#### Task to carry out:
Every record below should be retyped exactly, and no picture should appear in the copy.

———

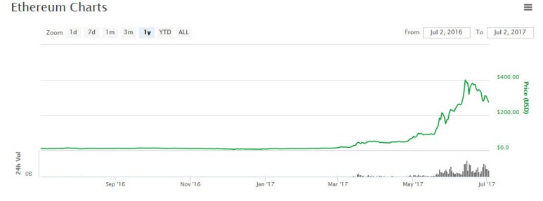 [Reference : The price of 'ethereum', http://coinmarketcap.com/]
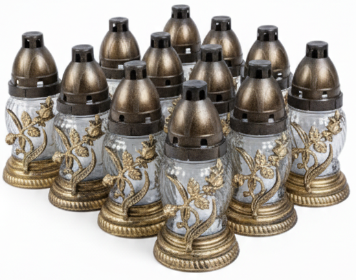 Przedstawiamy Państwu niezwykle dekoracyjny znicz nagrobny, który zachwyca bogatym, złotym ornamentem o motywie kwiatowym. Ten misternie wykonany znicz będzie stanowił wyjątkowo elegancki i pełen pamięci akcent na każdym nagrobku.
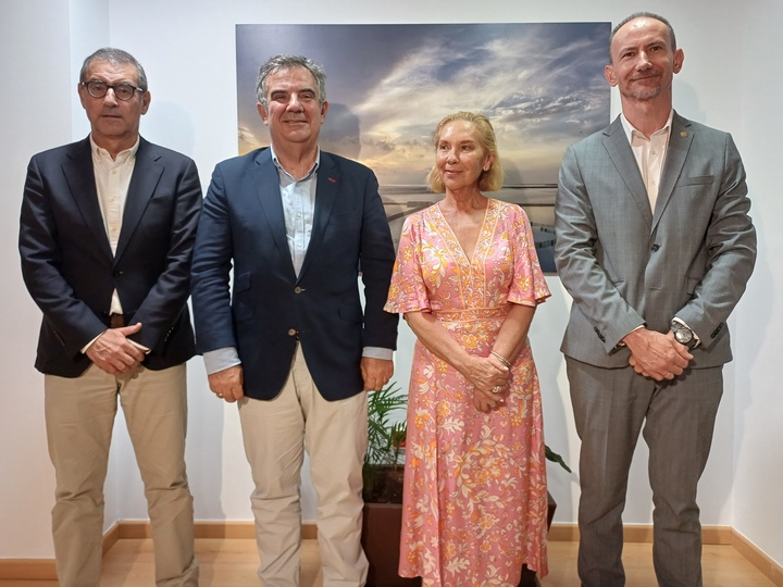 El consejero de Medio Ambiente, Universidades, Investigación y Mar Menor, Juan María Vázquez, junto con la rectora de la Universidad Católica San Antonio (UCAM), Josefina García, el rector de la Universidad de Murcia (UMU), José Luján, y el rector de la Universidad Politécnica de Cartagena, Mathieu Kessler, en una imagen de archivo.
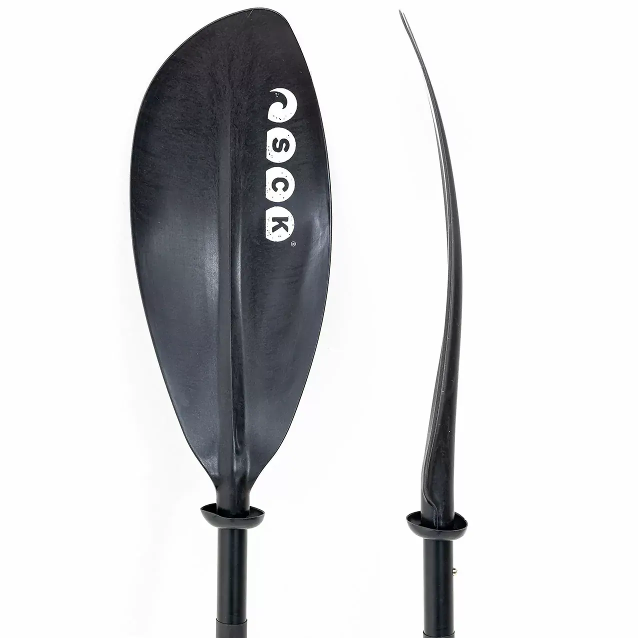 A durable high angle paddle with reinforced fiberglass polypropylene blades and aluminum shaft.
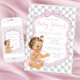 Diamants et perle baby shower invitation avec adorable petite fille en pantalon rose rouffle et fil de perles sur un beau tufted arrière - plan en diamant avec joli argent et l'arrière - plan arc rose. Cette adorable invitation aux diamants roses et gris et aux baby showers perles est facilement customisée pour votre événement en ajoutant simplement vos détails dans le style de police et le libellé de votre choix. Il s'agit d'un design imprimé sans vrais diamants, perles, tufting, parties scintillant, etc.
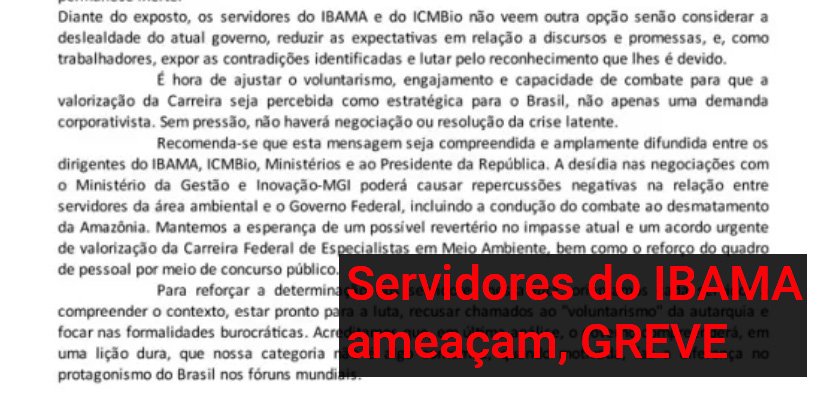 E seguem: “Diante do exposto, os servidores do Ibama e do ICMBio não veem outra opção senão considerar a deslealdade do atual governo, reduzir as expectativas em relação a discursos e promessas, e, como trabalhadores, expor as contradições identificadas e lutar pelo reconhecimento que lhes é devido”.

———

#### Answer to this task:
 [Reference : The price of 'ethereum', http://coinmarketcap.com/]
 Przedstawiamy Państwu niezwykle dekoracyjny znicz nagrobny, który zachwyca bogatym, złotym ornamentem o motywie kwiatowym. Ten misternie wykonany znicz będzie stanowił wyjątkowo elegancki i pełen pamięci akcent na każdym nagrobku.
 El consejero de Medio Ambiente, Universidades, Investigación y Mar Menor, Juan María Vázquez, junto con la rectora de la Universidad Católica San Antonio (UCAM), Josefina García, el rector de la Universidad de Murcia (UMU), José Luján, y el rector de la Universidad Politécnica de Cartagena, Mathieu Kessler, en una imagen de archivo.
 A durable high angle paddle with reinforced fiberglass polypropylene blades and aluminum shaft.
 Diamants et perle baby shower invitation avec adorable petite fille en pantalon rose rouffle et fil de perles sur un beau tufted arrière - plan en diamant avec joli argent et l'arrière - plan arc rose. Cette adorable invitation aux diamants roses et gris et aux baby showers perles est facilement customisée pour votre événement en ajoutant simplement vos détails dans le style de police et le libellé de votre choix. Il s'agit d'un design imprimé sans vrais diamants, perles, tufting, parties scintillant, etc.
 E seguem: “Diante do exposto, os servidores do Ibama e do ICMBio não veem outra opção senão considerar a deslealdade do atual governo, reduzir as expectativas em relação a discursos e promessas, e, como trabalhadores, expor as contradições identificadas e lutar pelo reconhecimento que lhes é devido”.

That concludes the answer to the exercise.